Happy Birthday to New York City's street grid. The New York Times covered the anniversary in an article last week, "200th Birthday For The Map That Made New York," that discussed the history of the grid and the differing opinions about it, both when it was adopted in 1811 and today. It is a fascinating story about something that those of us who grew up in and around New York City undoubtedly take for granted. Perhaps the most interesting part of the story is the ambitious scope of the project, coming as it did when New York City was still in its infancy:
"What made the grid plan, formally called the Commissioners’ Map and Survey of Manhattan Island, so farsighted was that in 1811 a vast majority of New York City’s population lived below what became Houston Street — tellingly named North Street then. When City Hall was completed that year, its rear facade was covered with cheaper brownstone (in part, legend had it, because of the notion that since most New Yorkers lived south of the building, they would see it only from the front).

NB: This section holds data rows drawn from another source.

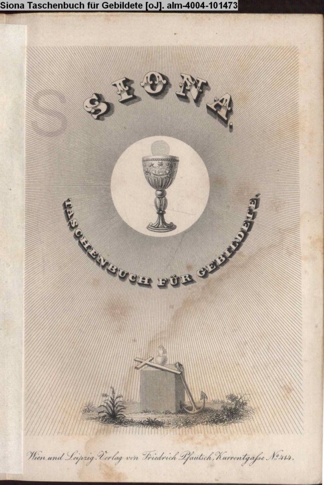 Siona. / Taschenbuch für Gebildete. / Vierter Jahrgang. / Enthaltend: / Religiöse Gedichte. / Mit Originalbeiträgen / von / F. Fitzinger, J. J. Hannusch, J. L. Huber, J. Langer, / M. Neumayer, F. Pfeffer, P. Renn, L. Schlecht, Joh. G. / Seidl, And. Schumacher, E. Straube, A. v. Tschabuschnigg, / Joh. N. Vogl, Hermann Waldow, Zeno, etc / nebst / einer Sammlung religiöser Gesänge, / aus den Werken der vorzüglichsten deutschen Classiker. / Wien u. Leipzig. / Verlag von Fried. Wilhelm Pfautsch. / Currentgasse Nr. 414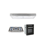 Campana extractora acero inoxidable Thory 80 + Parrilla acero inoxidable 86cm Vesta + Horno de gas encendido eléctrico empotrable 60cm Motrix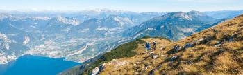 Si raggiunge il Monte Garda e quindi l’abitato di Pannone. Da qui per strade secondarie si arriva a Valle San Felice, per poi giungere all’abitato di Loppio sempre per vie secondarie, sterrate. Si attraversa la S.P. percorrete la pista ciclabile fino alla periferia dell’abitato di Mori dove si gira per raggiungere Sano. Da Sano si sale a Castione e quindi per la strada dei Ruderi di Dosso Maggiore ci si dirige verso Brentonico (collegamento con itinerari dell’Altopiano di Brentonico). Da Brentonico si prende la strada per la località Festa dove si prende la strada “ brentegana ” fino a giungere al bivio per Malga Campei.A Malga Campei si continua diritti sulla strada sterrata fino al termine dove si sale a destra nei prati fino a giungere al Monte Varagna (collegamento con discesa dal Monte Altissimo Rifugio Damiano Chiesa). Si scende per la strada del Monte Baldo fino a raggiungere i Prati di ci si dirige verso sud sul pianoro Nago, dove dopo qualche centinaia di metri si va a sinistra per una sterrata che taglia tutte le pendici dell’altissimo in direzione sud (collegamento con Malcesine) per poi tornare (poco dopo la sorgente di Casera Vecchia) verso nord ed immettersi nuovamente sulla strada del Monte Baldo nei pressi di Malga Zures, da cui si scende verso Nago.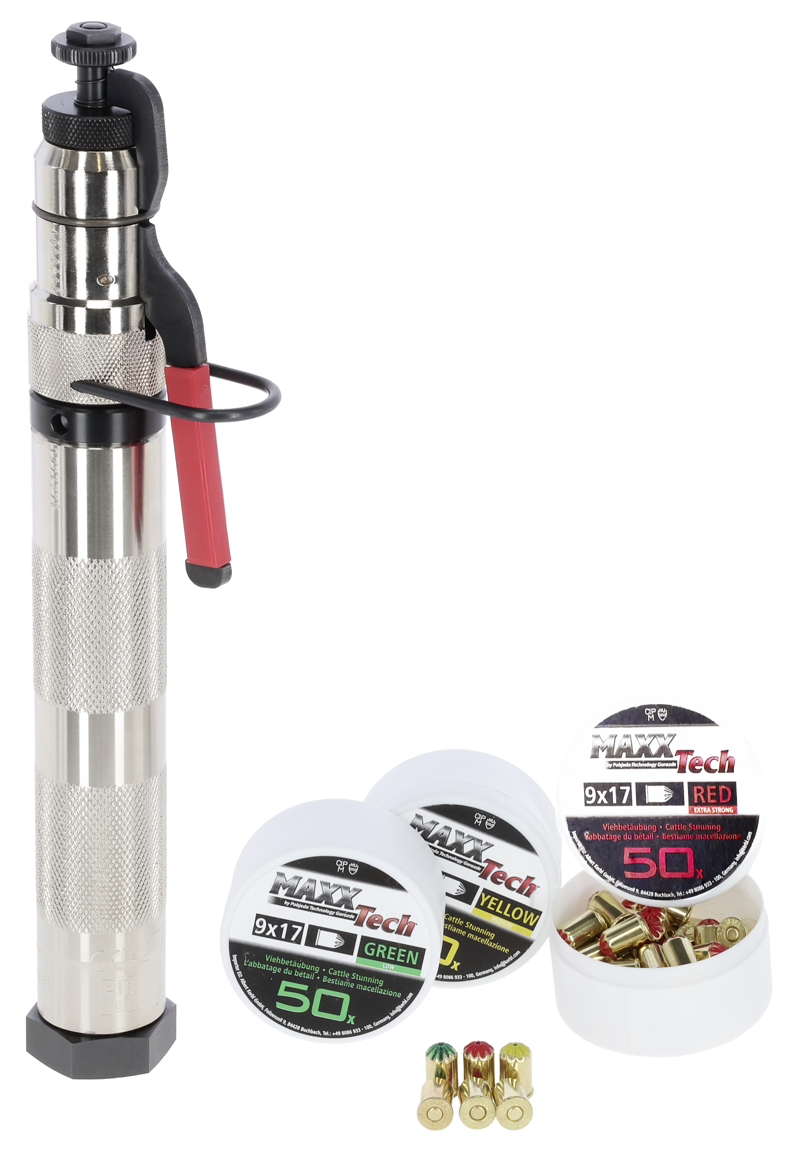 Hochwertiger, vernickelter Viehschussapparat zur Betäubung von Schlachtvieh wie Schweinen, Schafen, Kälber, Kühe, Bullen, Ochsen und Pferde. Das spezielle Sicherheitssystem ermöglicht ausschließlich die Verwendung mit zugelassenen Patronen des Kalibers 9 x 17 mm. Schutzbügel über dem Auslösehebel. Austrittslänge Schussbolzen ca. 82 mm. Bolzengeschwindigkeit je nach gewählter Kartusche 42 bis 49 m/s. Lieferung inkl. Bedienungsanleitung und Reinigungsbürste mit 2 verschiedenen Bürstenköpfen. Gewicht ca. 2,2 kg.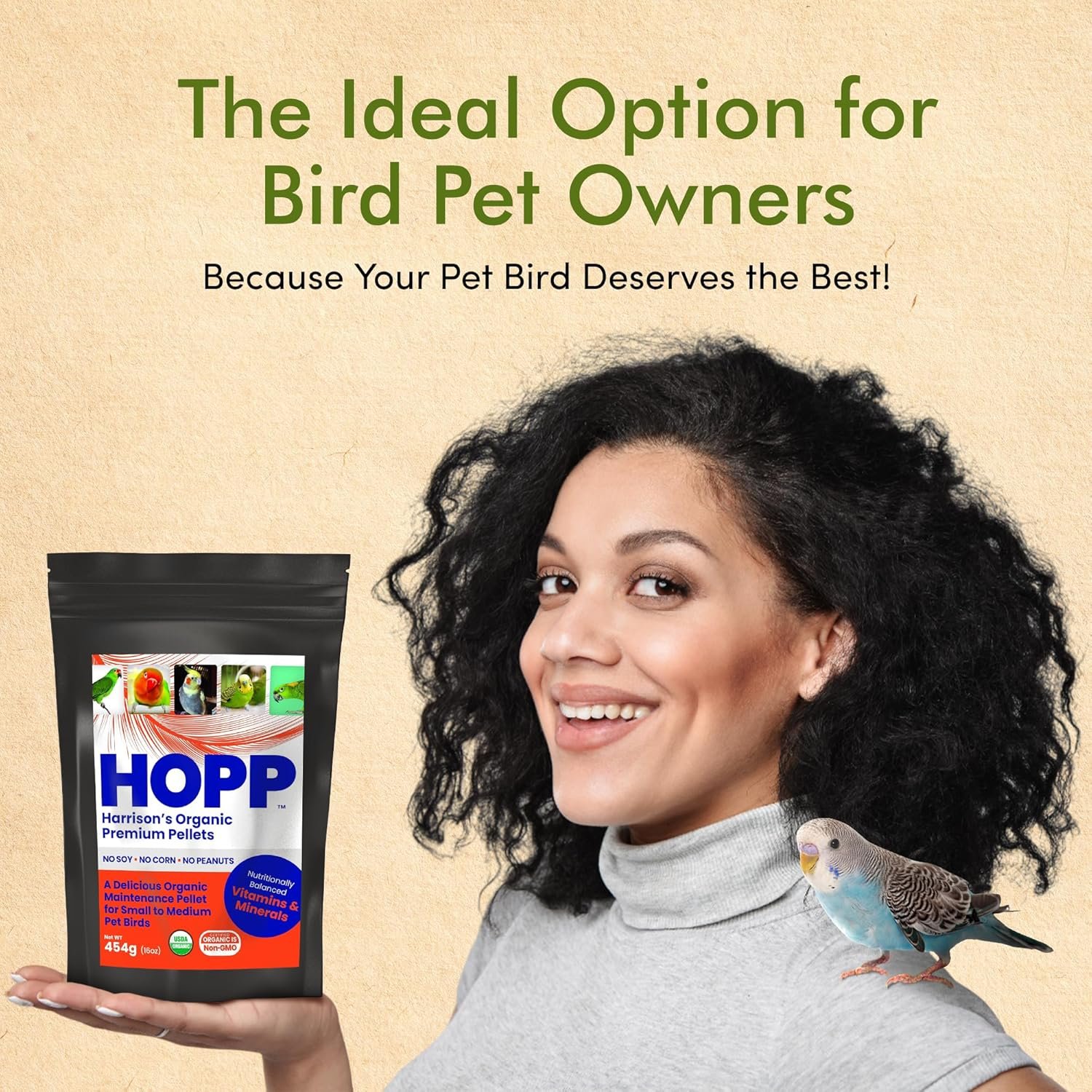 Harrison’s Bird Foods, particularly their HOPP formula, is specially formulated to meet the nutritional needs of adult birds, providing balanced, high-quality nutrition without compromising on organic integrity. Unlike other brands that may rely on alfalfa-based pellets originally designed for mammals, HOPP is crafted exclusively for avian health, making it the smart choice for bird owners seeking quality, affordability, and a certified organic balanced diet truly made for birds.

Yet while largely exempting the existing village of Greenwich, the visionary commissioners imposed their 2,000-block matrix on the forests, farms, salt marshes, country estates and common lands that extended north for nearly eight miles to what would become 155th Street, and expanded the city’s plotted land area by nearly fivefold."
For me, the best part of the grid is that, even when you walk the wrong way (for instance, when you forget that even streets go east), you realize your mistake one block later and can immediately correct course and be sure that you are going in the right direction. Not that this has ever happened to me of course.